Gordon reminds us that Sartre speaks of two kinds of good faith:
"[B}elieving what one believes." (Gordon, at p. 56) Gordon describes this as open to bad faith, for if one insists on what one believes in as "true," and refuses to hear evidence that might prove one wrong, then one has made that decision to shut out evidence in the interest of what one believes. Quine suggests that good faith requires one to admit evidence, even when it is against what one believes. Essentially that is a form of bad faith, of lying to oneself, of protecting oneself from hearing and seeing other perspectives..
The form of good faith that acknowledges that humans must tolerate some ambiguity, for there are things we cannot know. Good faith requires that we remain open to evidence that will point new ways of understanding as we learn more. Authentic good faith carries with it always the anguish of knowing that certainty is beyond our grasp. The ultimate questions must be tentatively answered. Would it be better to impose the community's perception on all offenders? Or must we remain open to hearing that somewhere sometime the offender may provide new understanding about our world and about our relationships within that world? Maybe the world really is round. Maybe the earth really does revolve around the sun. Maybe the neutrinos do account for the dark matter.

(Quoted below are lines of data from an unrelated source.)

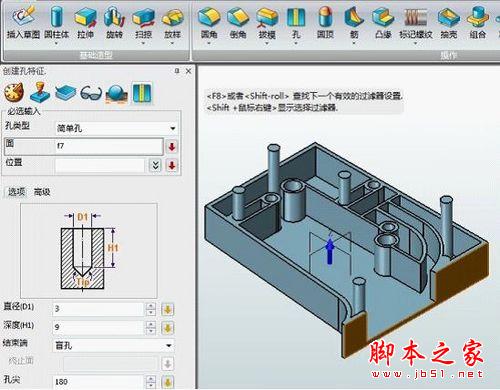 单击操作工具栏之“孔”的命令,在实体模型平面单击,轻轻移动鼠标自动捕捉到圆的中心点,再单击鼠标左键,并在左侧的孔的选项窗口中参考下图输入相应的参数值,点确定,结果如(图7)。
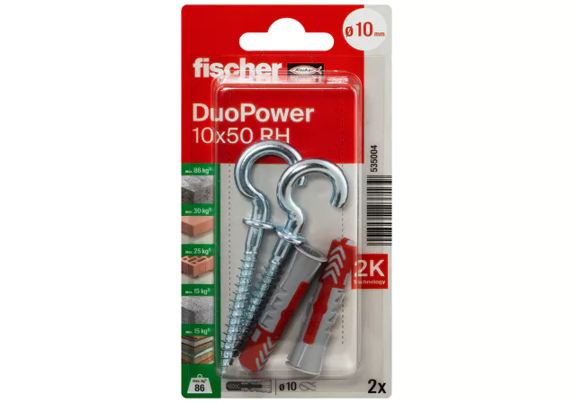 Fischer DUOPOWER 10x50 RH G N KNV Plug + Round Hook 2pcs
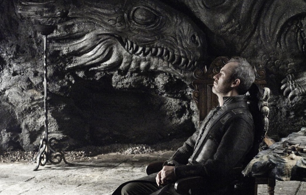 Both of these quotes are about Dragonstone. Dragonstone, a fortress of stone burnt black by dragon fire, is a great example of a city which serves as an analog to one of the moons – the fire moon, of course. It contains sleeping stone dragons and a thousand fires and as many red doors, all of which express the potential to produce the thousand thousand fiery dragon meteors. This is the place where Stannis’s Lightbringer was drawn from the fire, just as the fire moon is the place where the Lightbringer meteors emerge from. Stannis is a dark solar king, and Melisandre represents the fire moon, and when the fire moon joined up with the sun king in the same place, when they copulated, Lightbringer appeared. This is what Dragonstone represents – the birth of the dragon meteors, the falling red stars, and so we see symbolic depictions of the meteor shower here.
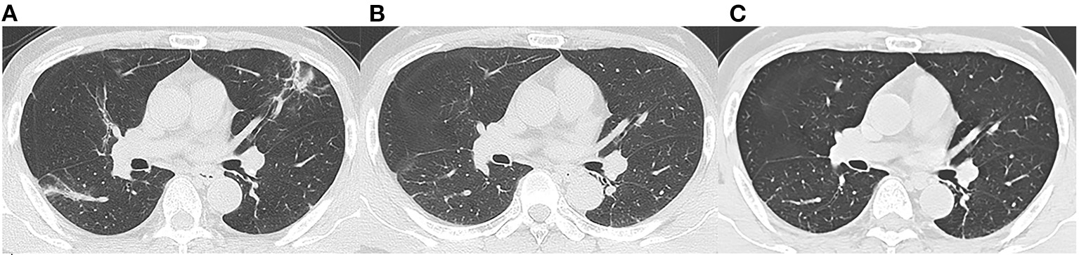Follow-up chest CT images of a 52-year-old male with COVID-19. (A) At discharge, CT imaging shows parenchymal bands, irregular interfaces, and traction bronchiectasis in left upper lobe and right lower lobe. The lesions are almost revolved on the 3-month follow-up (B) and 7-month follow-up (C) CT. This patient was enrolled in non-fibrosis group.
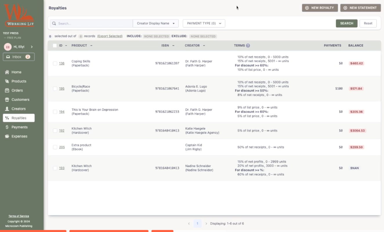 Click on NEW ROYALTY to add terms for a new product/creator.
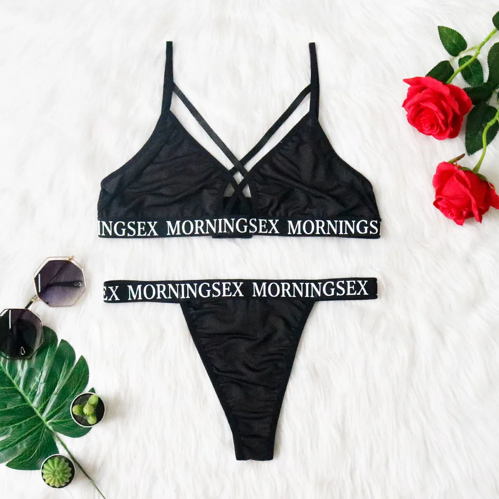 Сексуальное женское нижнее белье с ремешками наборы бюстгальтер + трусы, бандажный бюстгальтер с надписью, бюстгальтер с ремешками, трусики, комплект бикини большого размера

Gordon sees the white perception of the black as a bad faith denial of the facticity of racism. He sees racism as a denial of any choices being made in how we treat people. Things just are, because we believe they are, and we refuse to any evidence that they are not because we believe that they are. This is a terrible over-simplification of Gordon's well though out and very specific explanations of antiiblack racism. I suspect one could apply the principles with other colors, but perhaps it is really a more profound denial in the case of blacks. His book is well worth reading.